Backend filesystem requirements
From Ceph wiki
The following list describes what is required of a file system so that ceph can run on top of it.
- support for xattrs
Filesystem needs to support xattrs.
- Large xattrs
Certain file systems provide xattrs, however, they only support small sized xattrs. E.g., ext3/4 support only 4K xattrs.
We do hit the limit with radosgw pretty easily, though, and may also hit it in exceptional cases where the OSD cluster is very unhealthy.
XFS does not have an xattr size limit and thus does not have this problem.
btrfs limits individual xattrs; however, we can work around that by chaining multiple xattrs as it doesn't limit the total size of xattrs per file (unlike ext3/ext4).
(note: it may be that we could modify radosgw to use fewer xattrs at the cost of reduced functionality, but that is yet to be proven)
So the order of preference:
(a) no xattr size limit (total or individual) (b) limit on individual xattr (e.g., for btrfs it just fits into a btree node), but no limit on total xattrs. (c) large limit on total xattrs.

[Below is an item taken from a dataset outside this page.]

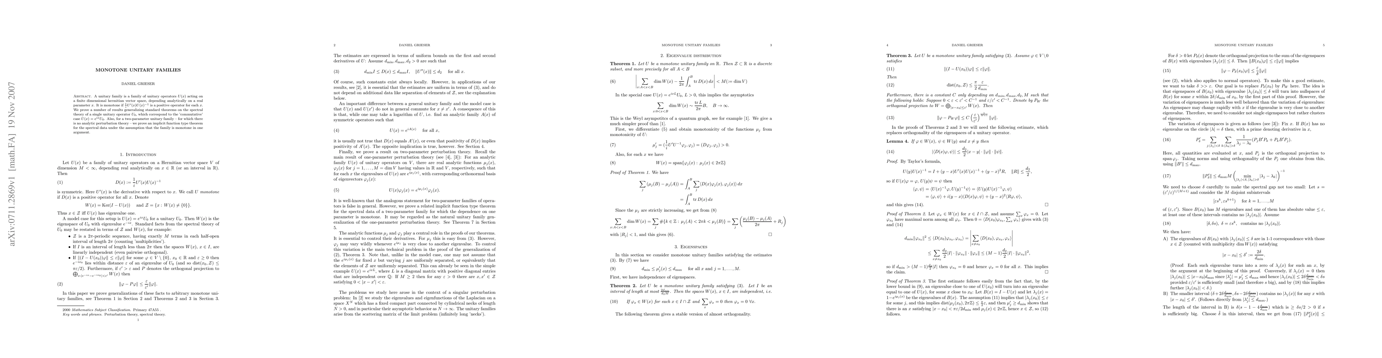 A unitary family is a family of unitary operators $U(x)$ acting on a finite dimensional hermitian vector space, depending analytically on a real parameter $x$. It is monotone if $\frac1i U'(x)U(x)^{-1}$ is a positive operator for each $x$. We prove a number of results generalizing standard theorems on the spectral theory of a single unitary operator $U_0$, which correspond to the 'commutative' case $U(x)=e^{ix}U_0$. Also, for a two-parameter unitary family -- for which there is no analytic perturbation theory -- we prove an implicit function type theorem for the spectral data under the assumption that the family is monotone in one argument.

- Keeping consistent state
There are a few options here (in order of preference):
(a) the ability to create and remove snapshots programmatically over a file system volume. Snapshot creation needs to be fast. (b) fsync on a just-written file flushes the underlying fs's journal such that all previous operations are also committed (such as ext3's data=journal) (c) ability to sync a single mounted file system (d) operational sync operation (should be with any POSIX-compliant file system).